* **ABOUT THIS EXERCISE**:
Reproduce the records below exactly; the images should not appear.

GIVEN DATA below:

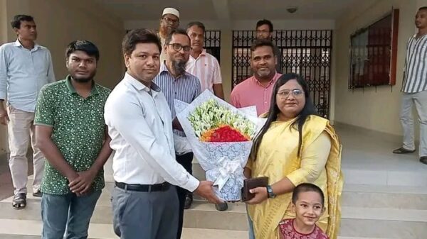 মোঃ নাসিরউদ্দিন রাজশাহী জেলা প্রতিনিধি রাজশাহীর তানোর উপজেলার নবাগত উপজেলা নির্বাহী অফিসার (ইউএনও) জনাবা নাঈমা খাতুনকে ফুলেল শুভেচ্ছা ও অভিনন্দন জানিয়ে স্বাগত জানান উপজেলা সমাজসেবা অফিসার হোসেন আলী ও উপজেলা
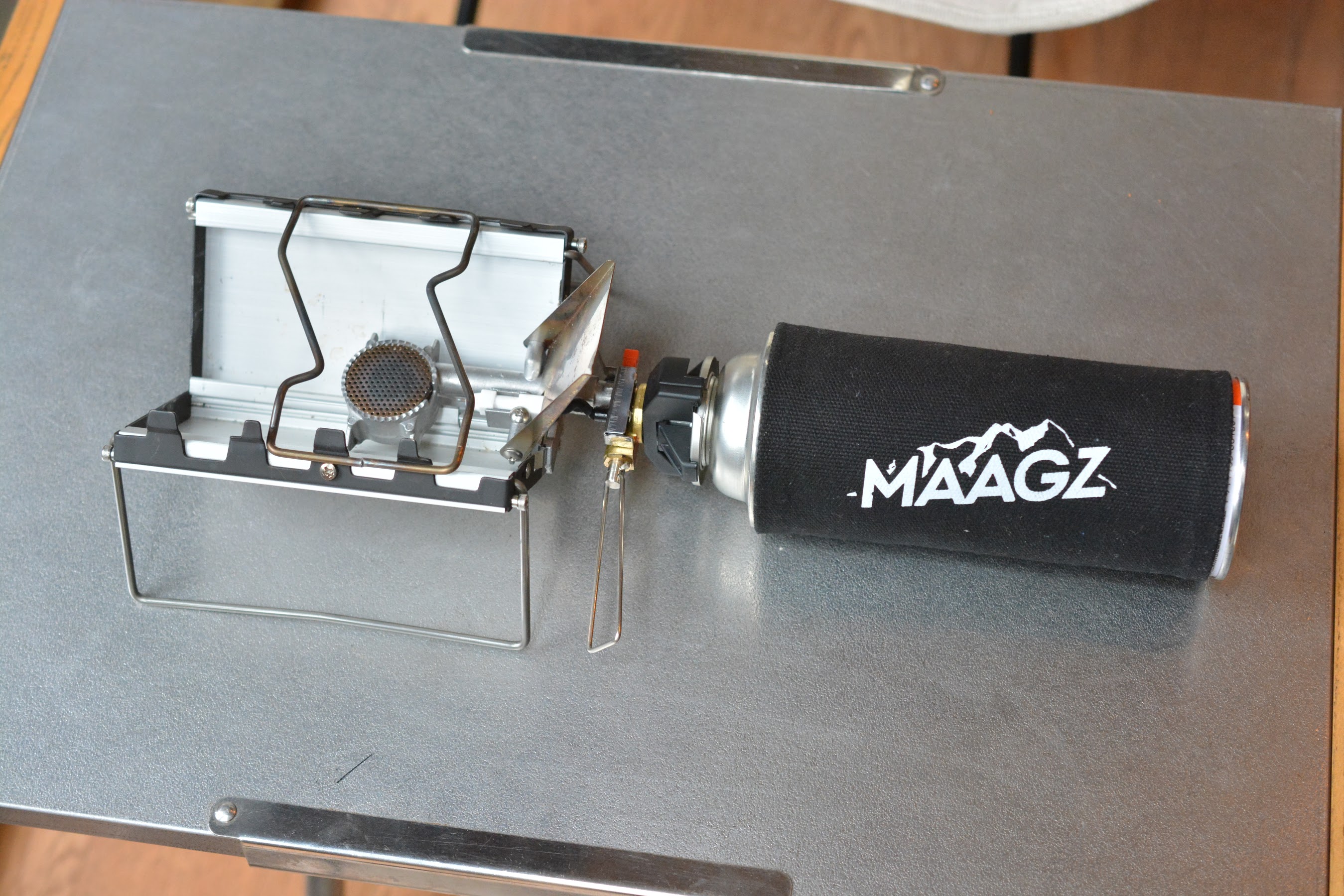 続いては、Gストーブ ST-320のレビューです。こちらも、CB缶(カセットボンベ)缶を使用するアウトドアバーナー。
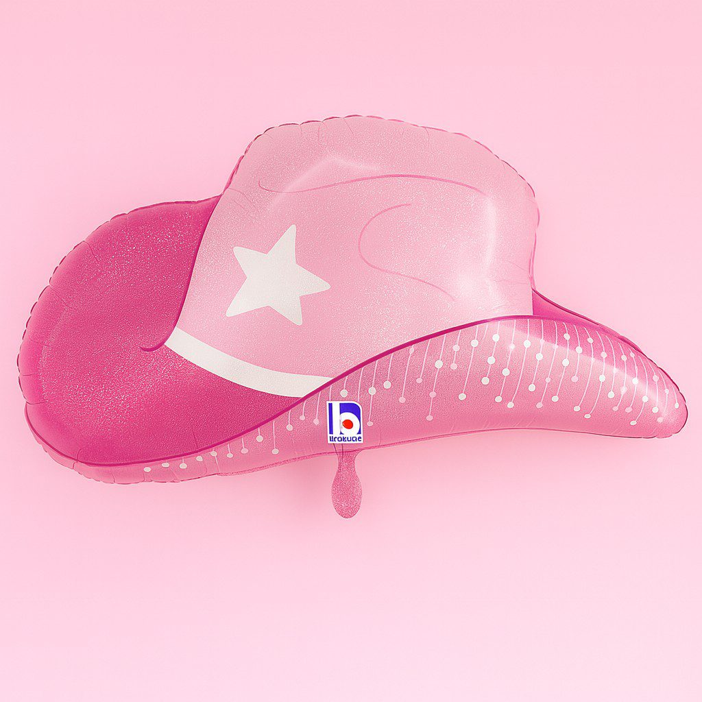 Der Ballon präsentiert sich in leuchtendem Pink, verziert mit funkelnden Akzenten und einem auffälligen weißen Stern auf der Vorderseite. Diese liebevollen Details verleihen ihm eine verspielte, aber dennoch stilvolle Ausstrahlung. Die geschwungene Form erinnert an echte Cowboy- und Cowgirlhüte, was ihn perfekt für Western-, Country- oder Ranch-Mottopartys macht.
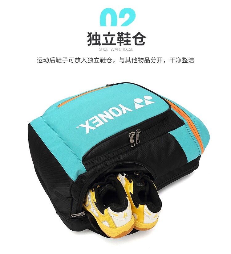 Zacro[Ready Stock] Y-onex 9332 Badminton Bag Double Zips Bag with Shoes Compartment Shoe Bag+ 2 Main Packets 2 Sides Pockets +1 Sling Straps Maximum capacity can hold 6 badminton rackets
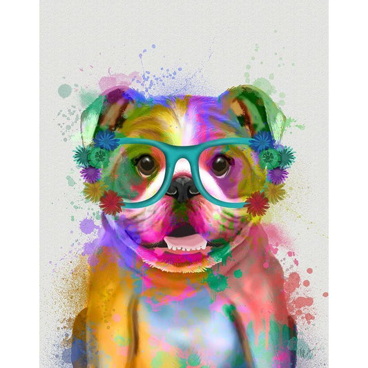 English Bulldog Rainbow Splash White Modern Wood Framed Art Print by Fab Funky

End of GIVEN DATA.

* **EXERCISE RESPONSE**:
 মোঃ নাসিরউদ্দিন রাজশাহী জেলা প্রতিনিধি রাজশাহীর তানোর উপজেলার নবাগত উপজেলা নির্বাহী অফিসার (ইউএনও) জনাবা নাঈমা খাতুনকে ফুলেল শুভেচ্ছা ও অভিনন্দন জানিয়ে স্বাগত জানান উপজেলা সমাজসেবা অফিসার হোসেন আলী ও উপজেলা
 続いては、Gストーブ ST-320のレビューです。こちらも、CB缶(カセットボンベ)缶を使用するアウトドアバーナー。
 Der Ballon präsentiert sich in leuchtendem Pink, verziert mit funkelnden Akzenten und einem auffälligen weißen Stern auf der Vorderseite. Diese liebevollen Details verleihen ihm eine verspielte, aber dennoch stilvolle Ausstrahlung. Die geschwungene Form erinnert an echte Cowboy- und Cowgirlhüte, was ihn perfekt für Western-, Country- oder Ranch-Mottopartys macht.
 Zacro[Ready Stock] Y-onex 9332 Badminton Bag Double Zips Bag with Shoes Compartment Shoe Bag+ 2 Main Packets 2 Sides Pockets +1 Sling Straps Maximum capacity can hold 6 badminton rackets
 English Bulldog Rainbow Splash White Modern Wood Framed Art Print by Fab Funky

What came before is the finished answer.